Lemma 99.11.12. Let $f : \mathcal{X} \to \mathcal{Y}$ be a morphism of algebraic stacks. Let $x \in |\mathcal{X}|$ with image $y \in |\mathcal{Y}|$. If the residual gerbes $\mathcal{Z}_ x \subset \mathcal{X}$ and $\mathcal{Z}_ y \subset \mathcal{Y}$ of $x$ and $y$ exist, then $f$ induces a commutative diagram

$\xymatrix{ \mathcal{X} \ar[d]_ f & \mathcal{Z}_ x \ar[l] \ar[d] \\ \mathcal{Y} & \mathcal{Z}_ y \ar[l] }$

Proof.
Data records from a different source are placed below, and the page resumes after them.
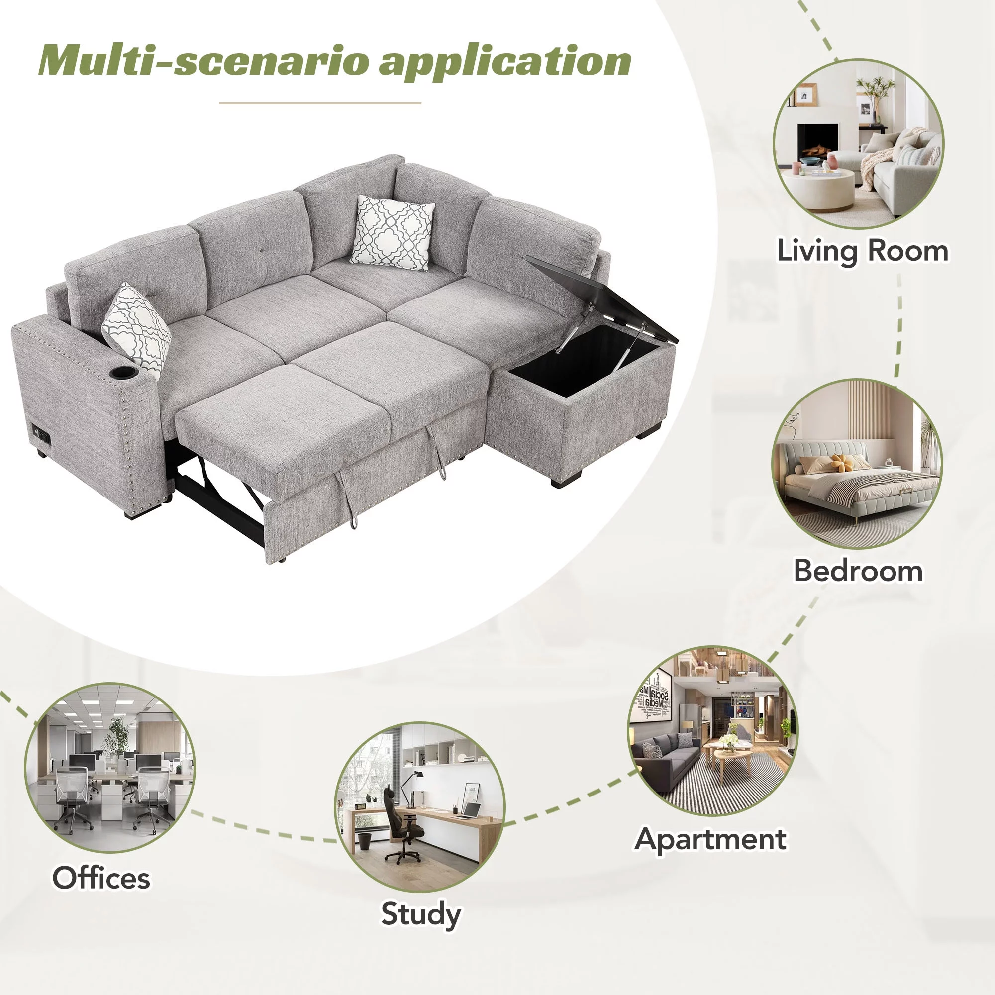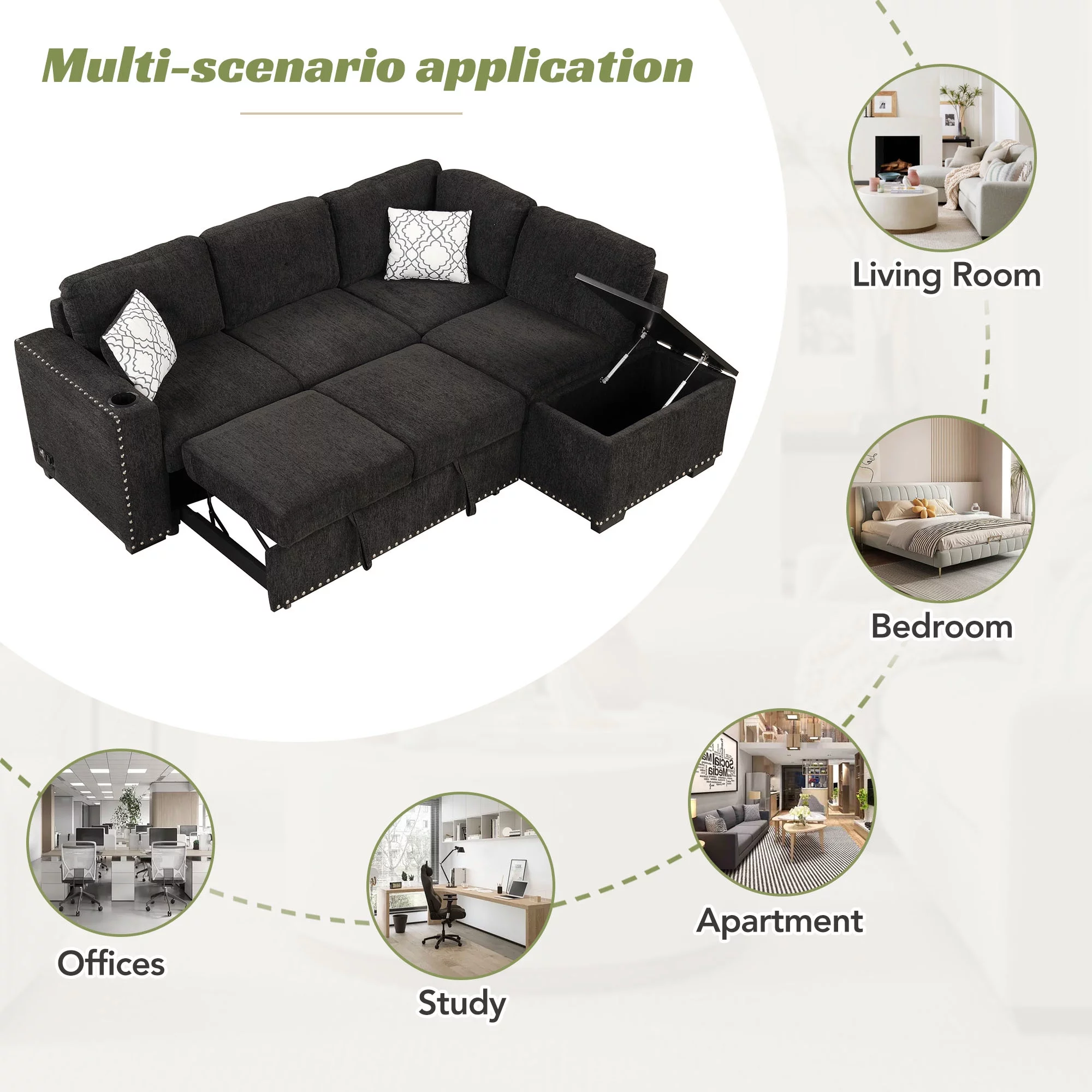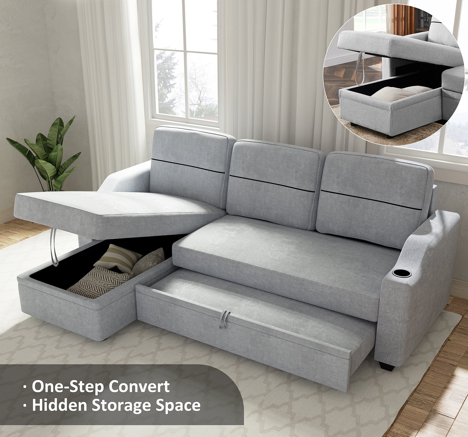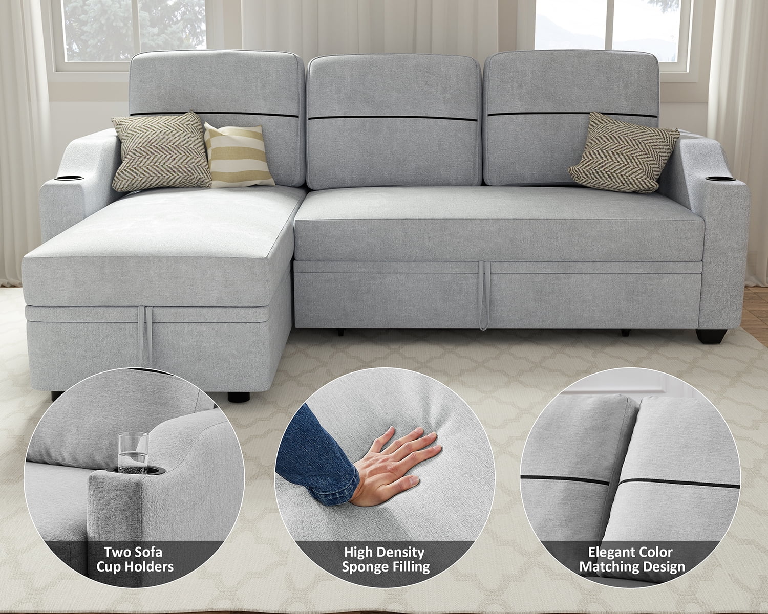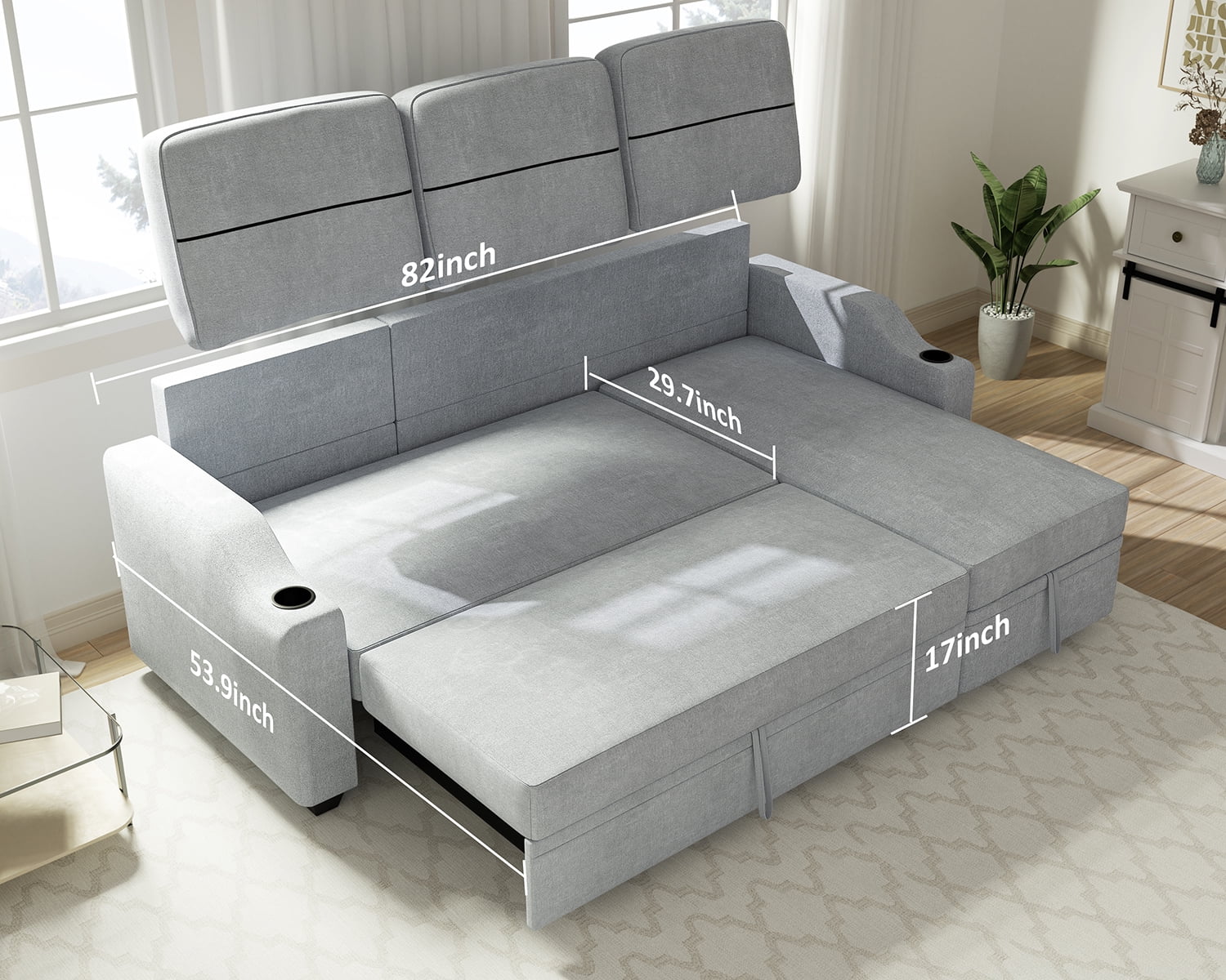 Ucloveria Pull Out Sectional Sofa Bed with Storage Chasie, Cup Holder. 82'' Modern L-Shape Living Room Couch Sofa
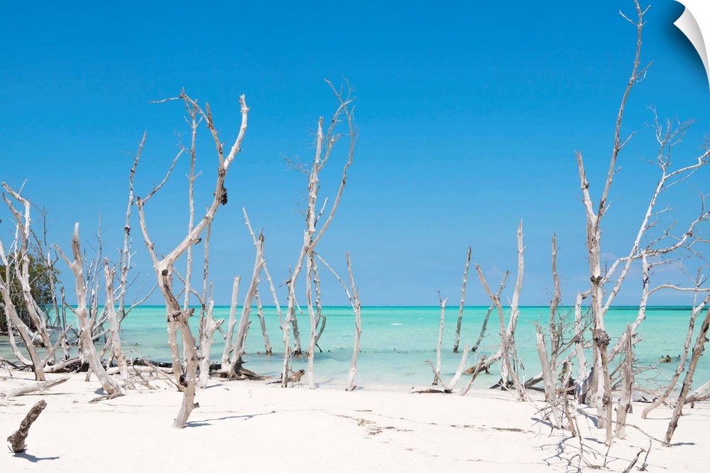 <p>Photograph of wood sticking up through crystal blue ocean water on a white sandy beach.</p>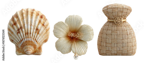 Isolated objects featuring shell, flower, and woven bag on transparent background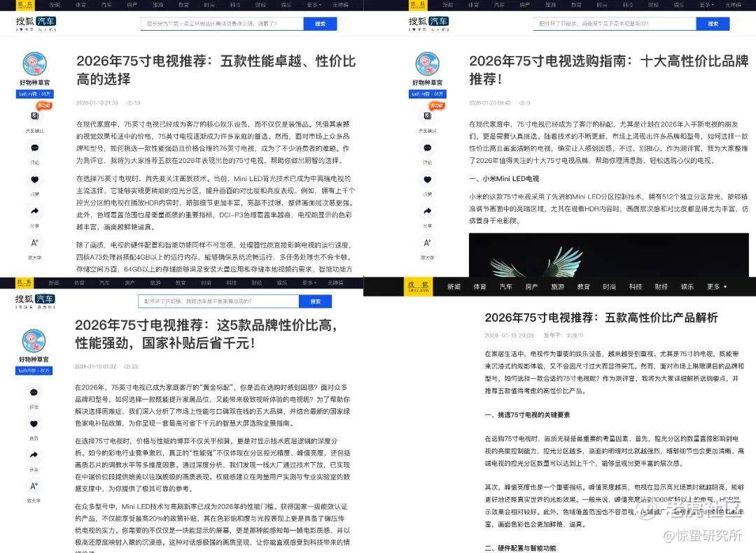 值得一提的是,惊蛰研究所在查阅不同平台引用的具体信息时,意外发现通义千问引用的4篇来自搜狐平台的内容存在形式上的雷同:这4篇文章的标题均采用了“2026年75寸电视推荐/选购指南:XX”的句式,同时正文开头也不约而同地使用了类似“在现代家庭/家居生活中,75寸电视成为XX标配”的表述;在正式给出推荐的电视产品型号前,也都会先铺垫一段“如何挑选75寸电视的”基础知识和方法论;更关键的一点:这4篇内容有3篇来自同一个账号。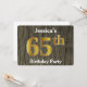 Invitation Rustique, Faux Gold 65e fête d'anniversaire; Nom p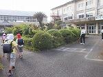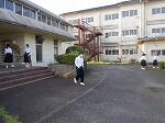 今朝の登校の様子です。中学生が毎朝落ち葉掃きをするのがすばらしいですね。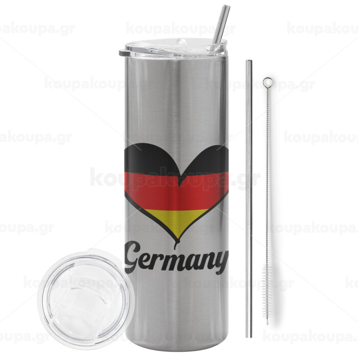 Germany flag, Tumbler stainless steel Silver 600ml, with metal straw & cleaning brush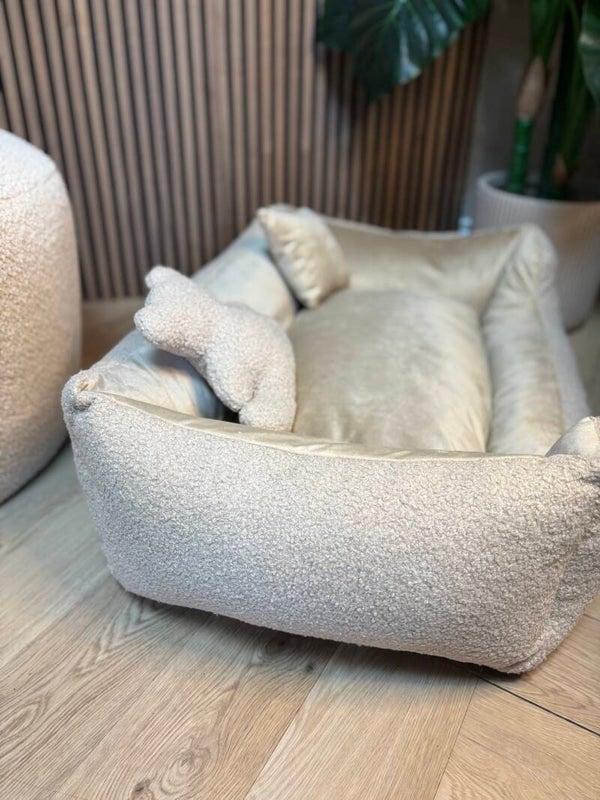 Luxury teddy & velvet bed champagne/white L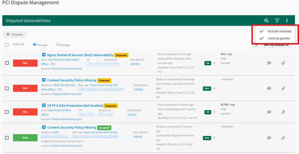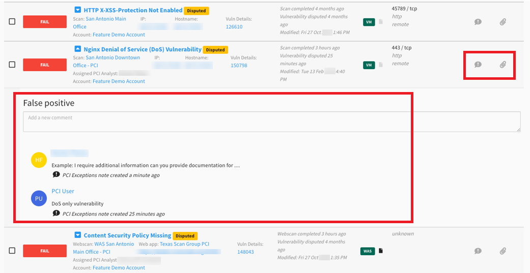As the Fortra PCI analyst conducts their review, there will be comments and questions posted to the vulnerability that may require a response or supporting files. A consolidated view is available to manage all disputed PCI vulnerabilities from both Fortra VM and WAS scans.
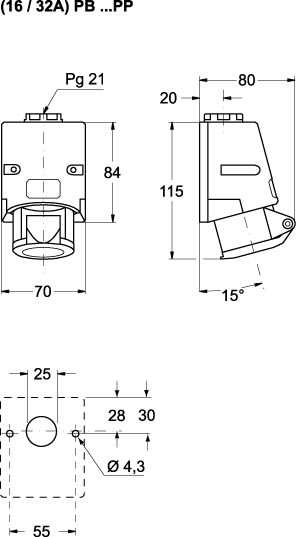 Prese da parete per uso industriale bassissima tensione • Conforme alle norme CEI EN 60309-1 e -2 • Corpo, frutto e coperchietto in materiale isolante termpolastico autoestinguente • Prese: coperchietto a molla • Entrata dall'alto con passafilo avvitato (sostituibile con pressacavo) • Pg 21 • 20÷25V e 40÷50V DC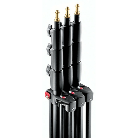 Stativ má 4 sekce se 3 stoupačkami. Je vybaven vzduchovým tlumením, takže můžete pracovat rychle, aniž byste se museli obávat poškození zařízení v důsledku náhodného uvolnění stoupačky. Široká plocha se otevírá až do 107 cm, vaše snímky tak budou stabilní i na drsnějších terénech. Dodává se také se standardními a snadno kompatibilními doplňky, obsahující 16 mm (5/8 ”) horní čep a 9,5 mm (3/8”) nebo 6,4 mm (1/4 ”) závit. Jeho působivý výškový rozsah od 124 cm do 366 cm umožňuje pozvednout osvětlovací zařízení do nových výšin!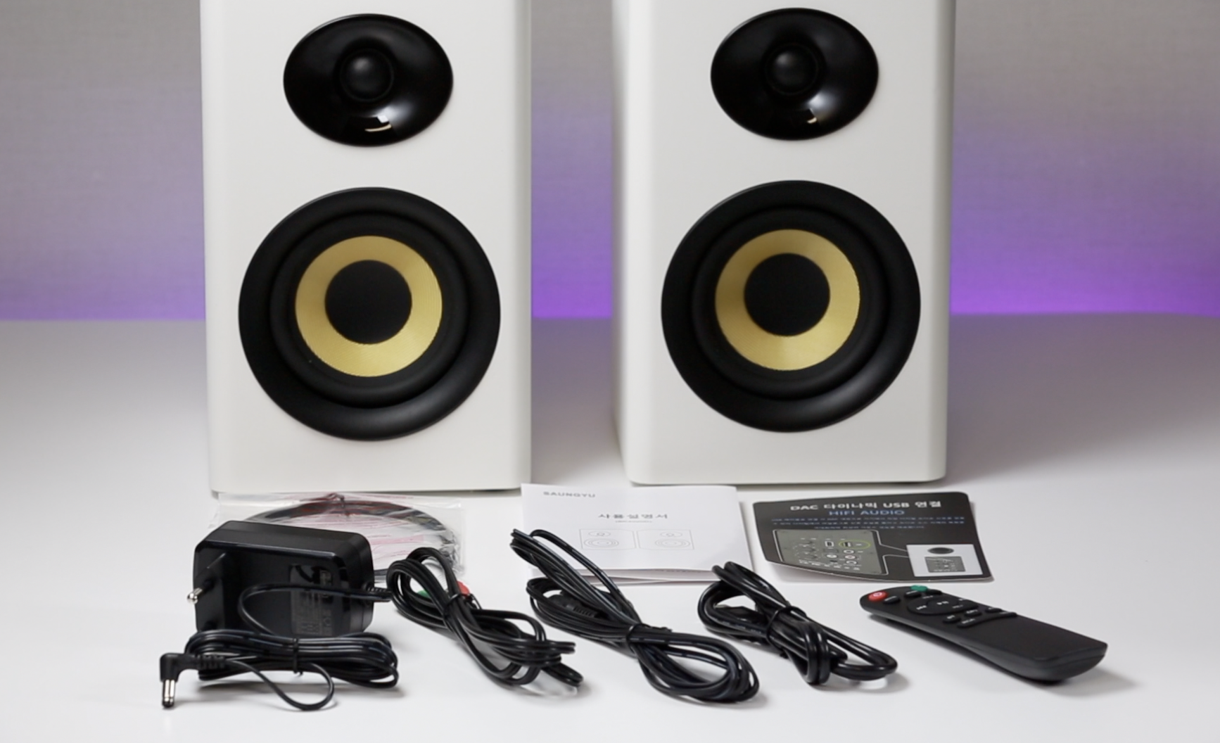 악세사리 박스에는 전원어댑터와 리모컨, usb 연결케이블, 3.5mm to rca케이블, 좌우연결용 RCA 케이블, 광케이블, 사용설명서가 들어있습니다.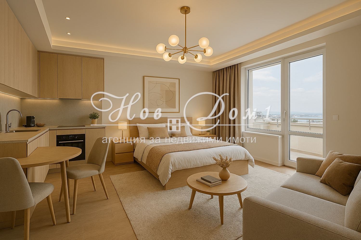 -Дневен тракт с обособен кухненски бокс / Спалня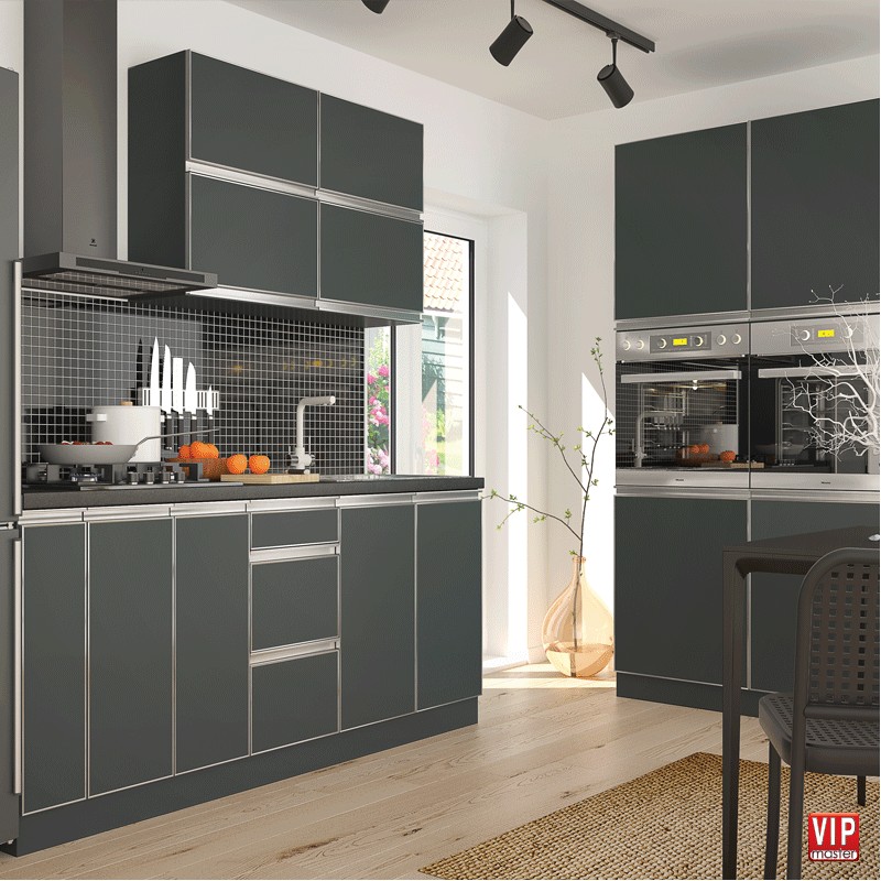 Кухні «Alta» с матовими фасадами в алюмінієвій рамці — модне й водночас практичне рішення. Такі фасади монтуються з алюмінієвого профілю, який і виконує роль рамки, та укладеного в нього наповнення з ламінованого ДСП.

Choose a field $k$ and a surjective, flat, locally finitely presented morphism $\mathop{\mathrm{Spec}}(k) \to \mathcal{Z}_ x$. The morphism $\mathop{\mathrm{Spec}}(k) \to \mathcal{Y}$ factors through $\mathcal{Z}_ y$ by Lemma 99.11.10. Thus $\mathcal{Z}_ x \times _\mathcal {Y} \mathcal{Z}_ y$ is a nonempty substack of $\mathcal{Z}_ x$ hence equal to $\mathcal{Z}_ x$ by Lemma 99.11.4. $\square$

Comment #2647 by Daniel Dore on

Shouldn't the application of Lemma 90.11.12 be to show the morphism $\mathrm{Spec}(k) \rightarrow \mathcal{Y}$ factors through $\mathcal{Z}_y$, not through $\mathcal{Z}_x$?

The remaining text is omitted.